From a young age I had fostered an inquisitiveness into alternative ways of thinking about my life and its connection to the world around me, as the overbearing religion of my childhood had left me scared, scarred and unimpressed with its teachings. Keen to find something more understandable that my practical and scientific brain could accept that would replace the mixed message of salvation only gained through sacrifice to one God, I closed the door on my church and left open a space in my head ready to receive better instructions.   

Because I never closed the door on faith, I became inquisitive into what lay beyond and looked into the wealth of information that lay in the world outside my parish.  Spirituality, the occult, comparative religious studies, yoga, healing, buddhism, zen, all led me into realms of possibilities and understanding in what I might intrinsically have faith in, even though before my transition (my breakdown really)  I didn’t know what it was I actually had faith in.  Believing in the solidity of science and logic, I wasn’t ready to accept that there was something else until I had experienced it with my own eyes, but it didn’t stop me having faith that there was more and that it was good.      

During my transition though, my jigsaw was torn apart mercilessly and every thought and feeling I had was challenged, destroyed or brought into focus.  

An old, painful, earthly life died in the fires of change whilst a new life of hope, salvation, faith and belief arrived to take its place.  

It wasn’t about a Christ consciousness or a needing to read the bible, but it was about believing that love is a higher power and that somehow, we are connected to each other and the world around us in more ways than just touching, seeing and hearing.

To become a sane person once more, I needed to embrace a completely new world that included for the first time, learning to love and nurture myself. 

The result was that following that beautiful, catastrophic doorway of rebirth that I had to pass through, I needed answers to help me exist more peacefully in my new world.  

Bearing in mind I was right in the middle of what would in modern times be classified as complex PTSD but without the professional help that is available today, I searched for anything that I could lay my hands on to help my own healing get back on track and return to being the coping father and provider I needed for my family.

My ever-widening search included psychology, spirituality, gentleness, finding self-worth, journaling, research and holistics as ways of connecting with an unconscious me that was fighting the punishing narrative I had created many years before to be, and failed to be, the perfect father, perfect carer and perfect rescuer of the needy.  

My inner search became my daily practice of meditation and self help, upturning my jigsaw again and again, finding better ways to let go of the self-hatred and shame that had pushed me towards my own self-destruction.

There is no way to gloss it up: recovery from profound trauma and PTSD takes time to overcome and readjust to.

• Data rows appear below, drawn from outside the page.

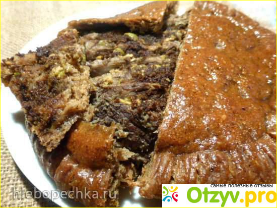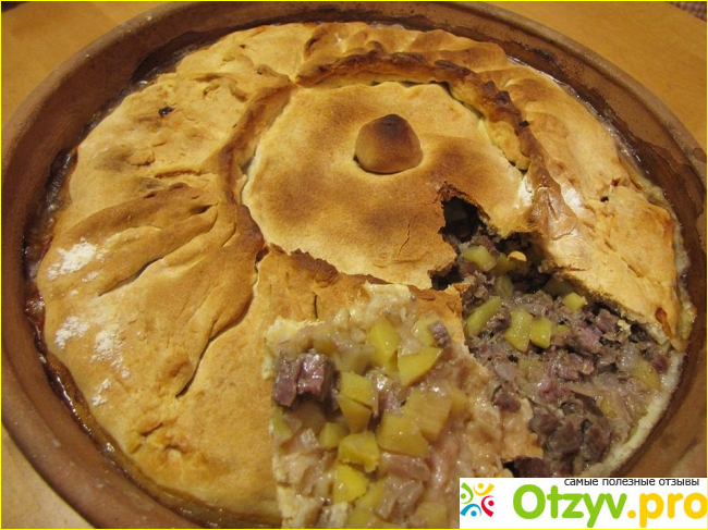 Оставшийся маленький кусок теста раскатать и положить поверх мяса. Защипнуть швы тесто так, чтобы получился котелок с крышкой. Смазать тесто водой и готовить в заранее подготовленной и прогретой духовке при 180 градусах около 50 минут.
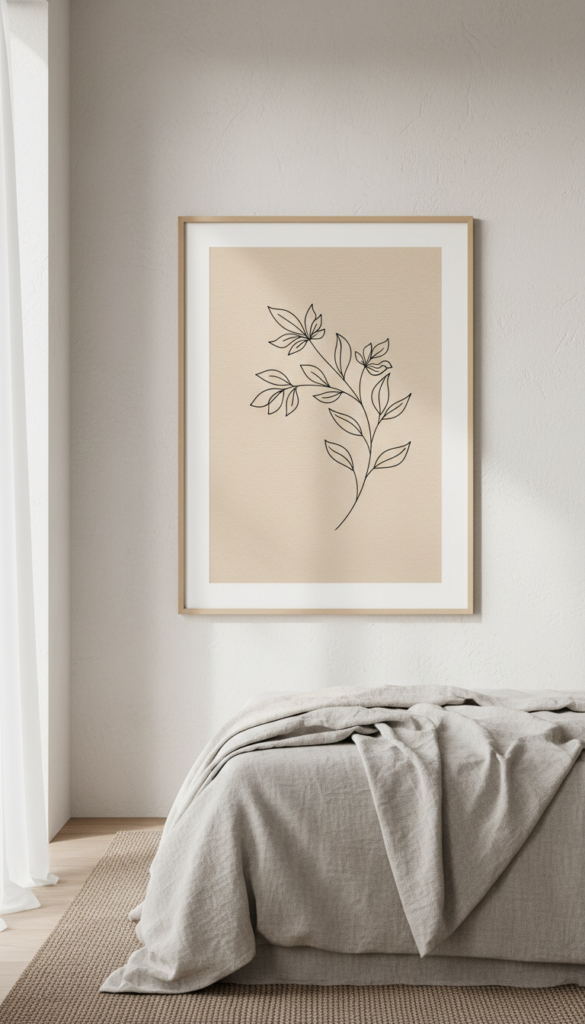 Simple, elegant, and effortlessly chic, minimalist line art focuses on the essence of the subject rather than the details. These pieces often feature single-line drawings of leaves, flowers, or female forms entwined with nature. They work perfectly in small bedrooms where you want to add character without cluttering the visual space.
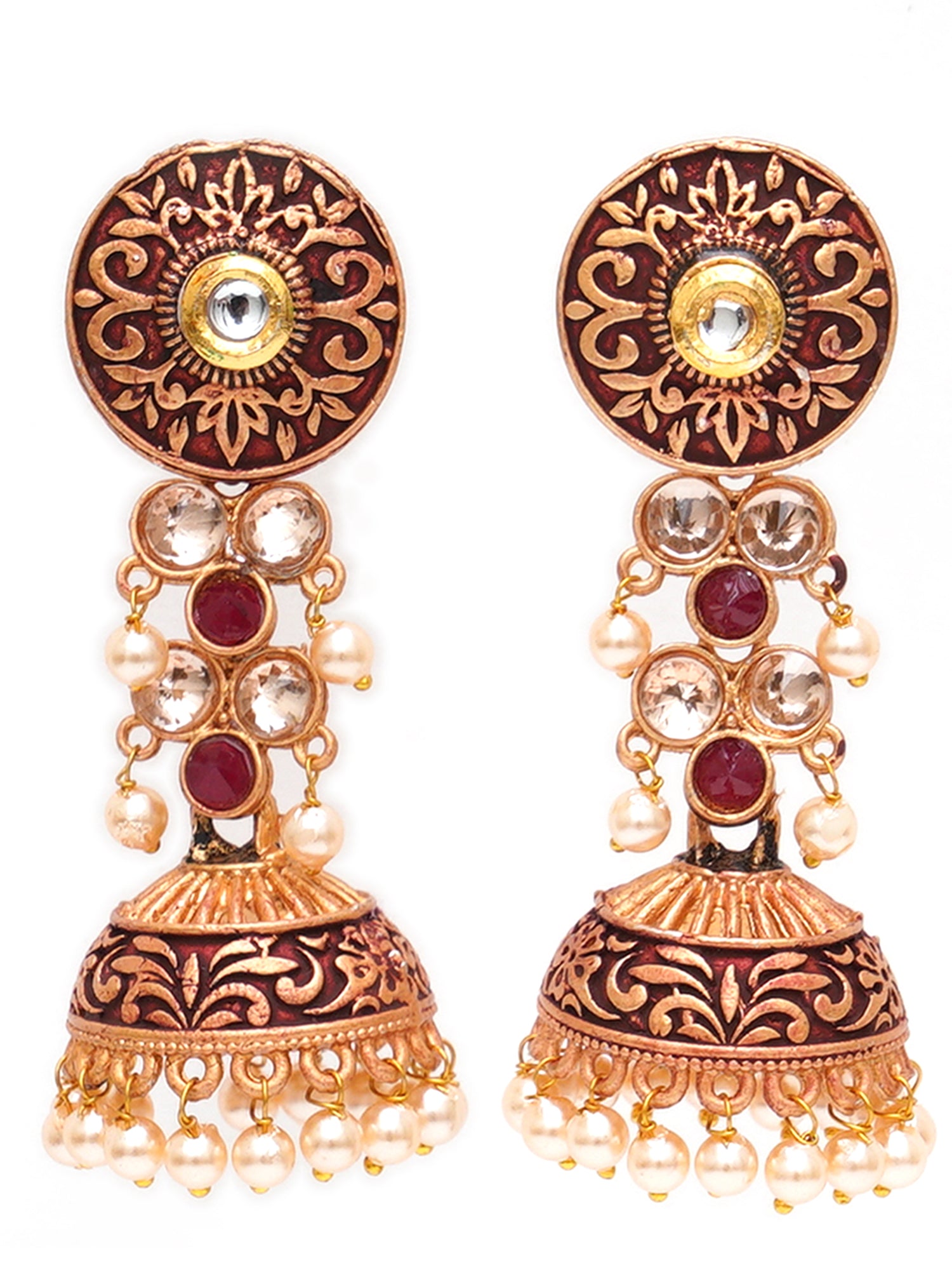 - This is a Maroon Earrings by Brand Karatcart which has Enamel stones.This is Gold Plated. We at KARATCART understand your desire to look the best on any day & we thrive in making any day an occasion. Every individual at Karatcart carries a passion for jewellery and it reflects in our beautiful designs as well as in our breathtaking craftsmanship. We create unique jewellery so you can make heads turn..
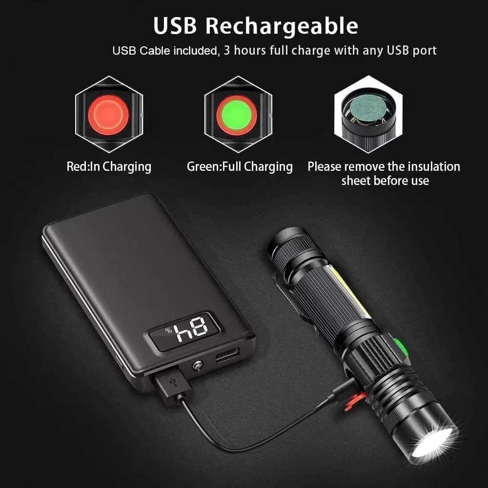 Construída com liga de magnésio ultra resistente, essa lanterna é indestrutível e possui proteção IPX6, sendo totalmente resistente à água e impactos.

It takes years, if not decades, for care and healing to return a human being back to a semblance of sanity that fits with authenticity into a world that has the space and time for them. It takes great personal courage to fight the demons and addictions, and great tolerance from family and friends to help someone through their darkest days of nightmares, anger and depression. 

It took me three decades to work through my own traumas, during which time I lost my family and my credibility as a normal, sane, member of society.  

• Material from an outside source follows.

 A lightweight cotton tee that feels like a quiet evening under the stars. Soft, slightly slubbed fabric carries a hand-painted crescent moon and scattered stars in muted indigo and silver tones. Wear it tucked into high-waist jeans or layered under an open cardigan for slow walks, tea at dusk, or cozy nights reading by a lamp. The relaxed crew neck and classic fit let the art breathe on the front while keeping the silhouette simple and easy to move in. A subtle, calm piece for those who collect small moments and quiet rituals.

There is no way for me to be able to categorise the manner in which trauma and PTSD arises, the way it specifically affects a person and the methods or manners in which healing can take place, but what I can say, which is reflected in so many other’s stories, is that when the journey to recovery also becomes a spiritual journey, then healing moves to a different plane.  

What was about escaping mental anguish and tragic loneliness became a fulfilling search for meaning.  What was about finding tolerance to cope became a search for the joy of life.  What seems to take an eternity, moved faster when the spiritual element emerged into my quest.

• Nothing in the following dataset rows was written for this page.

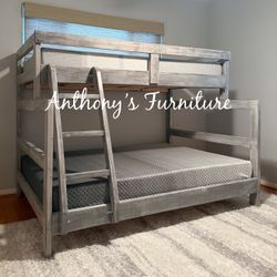 Full/Full Gray Wooden Bunk bed w. Ortho Mattresses Included $799Perris, CA
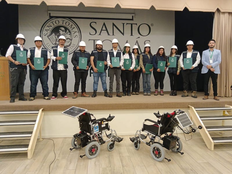 Innovador proyecto: carrera Técnico en Energía Solar de Santo Tomás Copiapó crea cargador fotovoltaico portátil para silla de rueda eléctrica
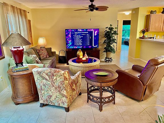 TURNKEY Colony Patio Villa with gas golf cart being sold by owner in the VILLAGE OF BELVEDERE, one of the most CENTRAL LOCATIONS in the Villages! YOU’RE HOME or ready to rent in this totally furnished, equipped 2 BR/2 Ba/1.5 car garage Patio Villa that has been UPDATED, KEPT CLEAN, no pets or smoking, and is move in ready! Located on quiet Ascot Loop on the back street of HIALEAH VILLAS very near CR 466 which is in the heart of the Villages with all of the everyday conveniences you could ever need within a 5 minute golf cart ride – shopping, PO box, dining, entertainment, banking, medical care, churches, and the Villages library! Enjoy the many entertainment opportunities like complimentary golf year round, FREE NIGHTLY ENTERTAINMENT at Lake Sumter Landing which is only 10 minutes from the villa, swimming, pickle ball, tennis, indoor games and clubs are just to mention a few within a short walk, golf cart or car ride away. The unmatched VILLAGES LIFESTYLE is easily accessible at the Laurel Manor Regional Rec Center, 3 Village Rec Centers w/ family pools - Pimlico, Churchill Downs, & Bridgeport, and 7 Neighborhood Rec Centers w/ adult pools - Lynnhaven, Belvedere, Tall Trees, and Bonnybrook. This villa has been tastefully decorated with new LR furniture in 2018 with a common color pallet of apricots and greens from the screened porch’s new furniture to the rugs and spreads in the bedrooms. Has 65” Ultra HD LED TV & Blu-Ray DVD, 32” TV in master, with Wireless WIFI internet throughout. Ceiling fans in living and bedrooms. New HVAC in 2016, new ridge vent of roof in 2018, new vinyl plank flooring in 2020 in bedrooms with 18”X18” tile in remainder of villa. New dishwasher, garbage disposal, microwave and springs on garage door in 2021. Attractive and easy to maintain landscaping of a queen palm, holly, hibiscus, ginger, cardboard palm sago, alamanda, and Hawaiian ti. Woven wood shades over mini blinds in bedrooms allow you to sleep in or adjust to the brightness you prefer. The open eat-in KITCHEN features MAPLE WOOD CABINETS, a GAS STOVE, with a BREAKFAST BAR and several lighting options. As you walk down the hallway leading to the two bedrooms, you will find a very colorful & delightful GUEST BATHROOM with a large vanity and a TUB/SHOWER combo. The GUEST BR has a CEILING FAN, a large window for natural light, large closet and TWIN BEDS. The spacious MASTER BR has black furniture with a KING SIZE BED, fan, large window and large walk in closet. The ENSUITE MASTER BATHROOM has a single vanity and a WALK-IN SHOWER with rain shower head. The villa is very quiet with tall hedge at the back to buffer sound. This villa is move in ready with everything you need and has an excellent rental record. LOW MAINTENANCE villa with a LOW BOND balance of $3,106.36! Call 850- 596-2486 or 7 today to schedule your private live or virtual showing! You will not be disappointed!!
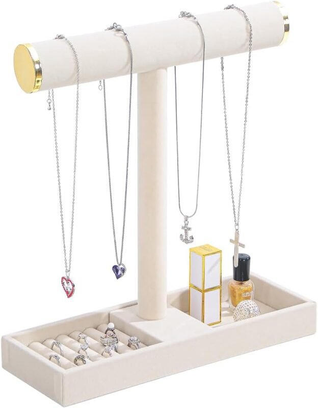 Coward Jewelry Organizer Stand, Velvet Necklace Bracelet Watch Ring Display Holder with Tray, Multi-use Jewelry Display Stand for Women Girls Dresser Nightstand (Beige)
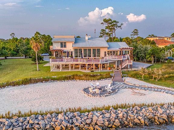 This is a rare opportunity to own a premier deep-water estate in Gulf Breeze Proper. Situated on 1.5 acres with over 200 feet on the Intracoastal Waterway, this stunning property features a rare 20x50 ft deep-water boat slip (9 ft depth) with flow-through dock and sun deck, a private white sand beach, and expansive green space. The home offers luxury throughout, including a great room with expansive windows showcasing breathtaking water views, a vaulted ceiling, and a gas fireplace. The custom kitchen is equipped with high-end appliances, a wet bar, and a dining area overlooking the Sound. The primary suite offers panoramic water views, deck/hot tub access, dual walk-in closets, and a spa-style bath with a soaking tub and separate shower. A main-level guest suite includes a private bath and patio access. Upstairs, you'll find two additional bedrooms, two full baths, and a large multipurpose room with a fireplace and French doors for added privacy. Additional features include a 3-car garage with a climate-controlled, large bonus room and half bath, plus a 200x200 ft vacant lot across the street included in the sale. Exceptional views, luxury finishes, and rare boating access make this a one-of-a-kind waterfront offering the ultimate Florida lifestyle.
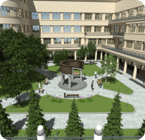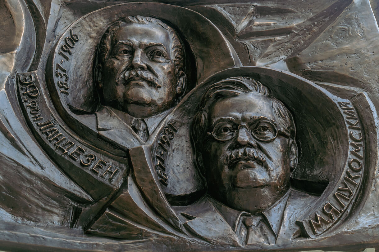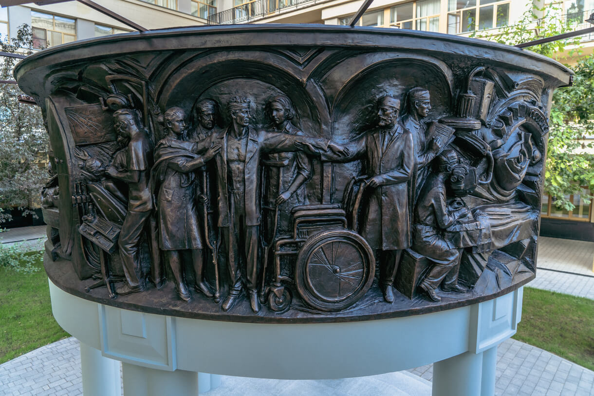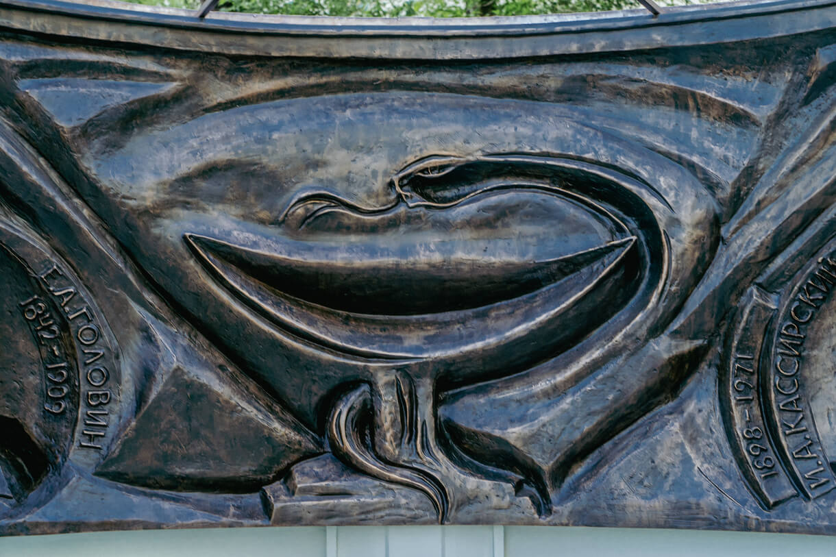 По внутреннему контуру расположены портреты значимых фигур медицины РЖД.

It was during my own delicate and chaotic years of recovery, the relationships it spanned and the addictions it created that the challenges and solutions for a better life pushed me towards healing at ever deepening levels and  my search for body/mind wholeness got a real grasp.  

Joy, happiness, and the kind of success I had been yearning for slowly become reality in the second half of my life.

New careers furnished new opportunities, new worlds opened up and astonishingly diverse businesses took off, nourished by the skills and ability to take better, more wholesome risks.  I grew faith in the power of healing and a joy in connecting with people in a way I had never achieved before.  

The story is without doubt a positive story in that the potential for joy comes about from having faith in our willingness to see and overcome the darkness in our past, and faith in being able to find a true purpose that aligns perfectly with our unconscious drives.  

Success comes from mastering failure. Love comes from mastering loneliness.  Courage comes from mastering fear and insight comes from a spiritual journey that puts meaning into why “I” am here, and when found, finding fulfilment in creating the best people we can be, whatever it is.  

It is by being willing to throw our personal, vulnerable jigsaw into the air again and coupling it with the intention to be the best person we can be, that we can move forward into the light and into the healing we deserve. 

Next: Chap 2: Headhunters

2 responses to “Chap 1: The Jigsaw of Life”

  1. I was profoundly moved when I read this. The narrative swings from despair and desolation through to what seems almost like rebirth into a new life full of joy, hope and achievement.
    There was some evocative phrasing, causing me to reflect or to wonder or to marvel.
    I look forward to you sharing more of your journey.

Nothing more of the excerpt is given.